Hoy, 1 de agosto, se cumple un año de aquel día en el que conseguí el slot para participar en el Ironman de Hawaii.
Aquel sueño que no fue mío y que, aunque fui yo quien más lo disfrutó, no se debió tanto a cualidades físicas… sean las que sean, y ni siquiera a mi atolondrada cabeza.
El sueño se repartió casi a partes iguales entre las personas que forman el grupo Adica, y los familiares, equipo, amigos, seguidores de éste blog y todo aquel que quiso soñar conmigo.
Esa atolondrada cabeza, dejó de pensar en si misma durante un buen tiempo, y dedicó todos sus esfuerzos en mejorar un cuerpo de casi cuarenta años, para intentar llevarlo lo más cerca posible de su máximo. La causa, tal como hoy, lo merecía.
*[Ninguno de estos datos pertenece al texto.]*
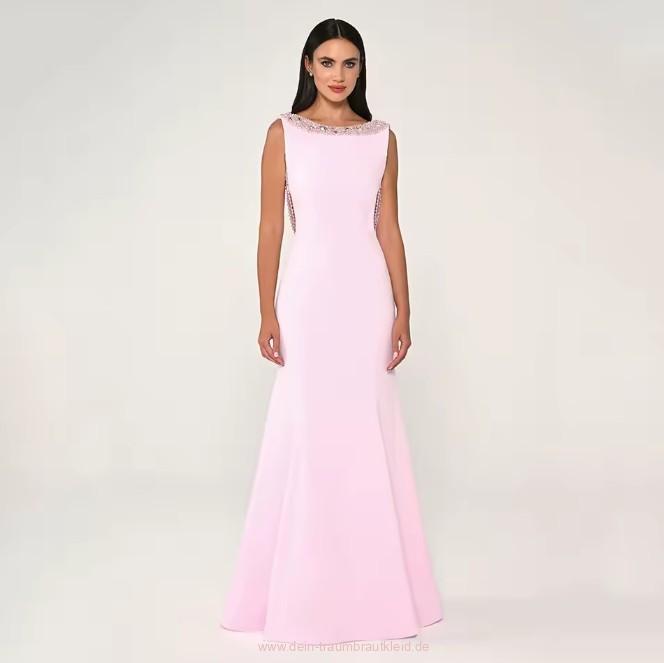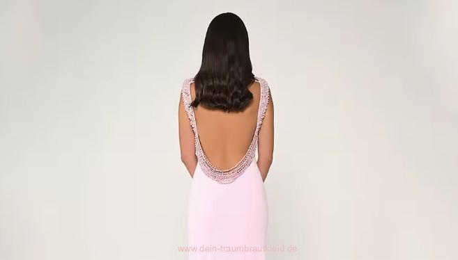 Einführung » Brautmode 2025 - 2026 » Fit and Flare Brautkleid Joline in Zartrosa mit Rücken Ausschnitt und Perlen Strass Applikationen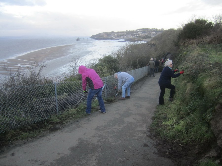 clearing weeds, mud and brambles from the coastal path b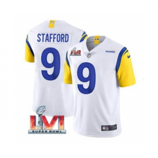 Men's Los Angeles Rams #9 Matthew Stafford White 2022 Super Bowl LVI Vapor Limited Stitched Jersey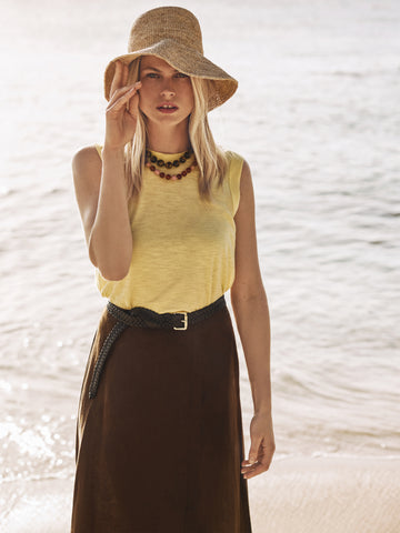 Raffia accessories never go out of style. This straw bucket is a timeless accessory for the warmer months to keep your head cool and your outfit even cooler.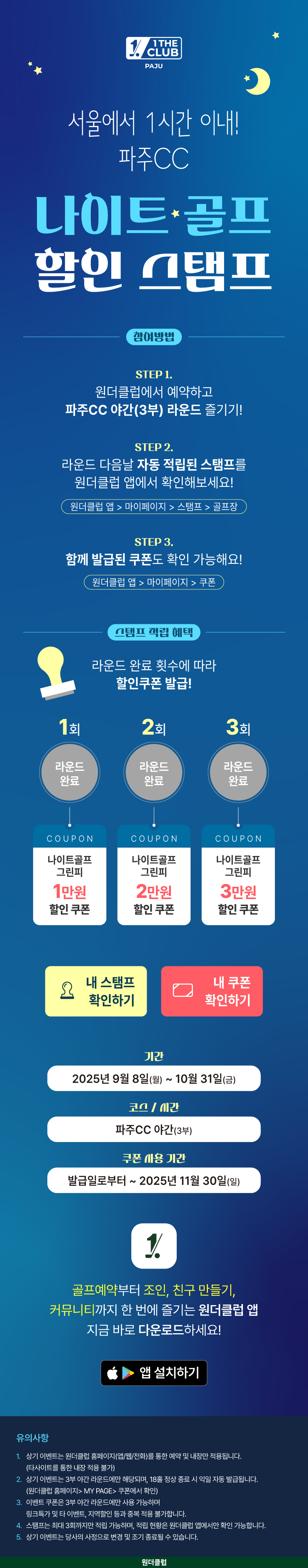 제목[파주CC] 나이트 골프 할인 스탬프 2025-09-05 04:09:46

La dedicación y el mimo con el que preparé aquellos dos últimos meses el ironman alemán, aquel del que desconocía todo, pues era la primera vez que se celebraba, no era un tema ya de superación personal, ni de anhelos deportivos marcados, sino una cuestión de responsabilidad y de honradez conmigo mismo.
Hubo consecuencias de aquella hilera de palizas diarias que a la que me sometí, con gusto, por supuesto. Cogí anemia y aquello que hace años había deseado, aquello de preparar a conciencia nada menos que el Ironman de Hawaii... pues qué podía haber más motivador que eso... pues bien, aquello, tuve que dejarlo para mejor ocasión, tal era mi estado de fatiga.
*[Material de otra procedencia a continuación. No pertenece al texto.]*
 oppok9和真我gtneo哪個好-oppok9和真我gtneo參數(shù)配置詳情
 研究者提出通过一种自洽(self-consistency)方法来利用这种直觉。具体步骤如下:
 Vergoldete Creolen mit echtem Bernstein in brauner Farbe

Pero a la vista está que, absolutamente todo, valió la pena y no cambiaría ni un metro de aquellos entrenamientos por nada.
Puse a prueba mi amor por el deporte, por un deporte que ha querido más de una vez quitarme la vida y que más de una vez me la ha dado, cuando por momentos, mi mal estado ya no tenía remedio.
Puse a prueba mi fe, apartando mis ilusiones personales, mi ego, mi búsqueda de cimas y de pequeños éxitos aplaudidos. Y dediqué por un tiempo mi esfuerzo pensando que mis manos, mis piernas, mi cuerpo, mi alma, no eran mías, sino de ellos.
Quería saber si era capaz de hacer aquello que tanto amaba y no hacerlo por mí… y el resultado fue que sí, que podía, y no solo eso, sino que además podía hacerlo bien, mejor que nunca… y conseguír lo más grande que podía imaginar.
Hace un año, y me parece un día.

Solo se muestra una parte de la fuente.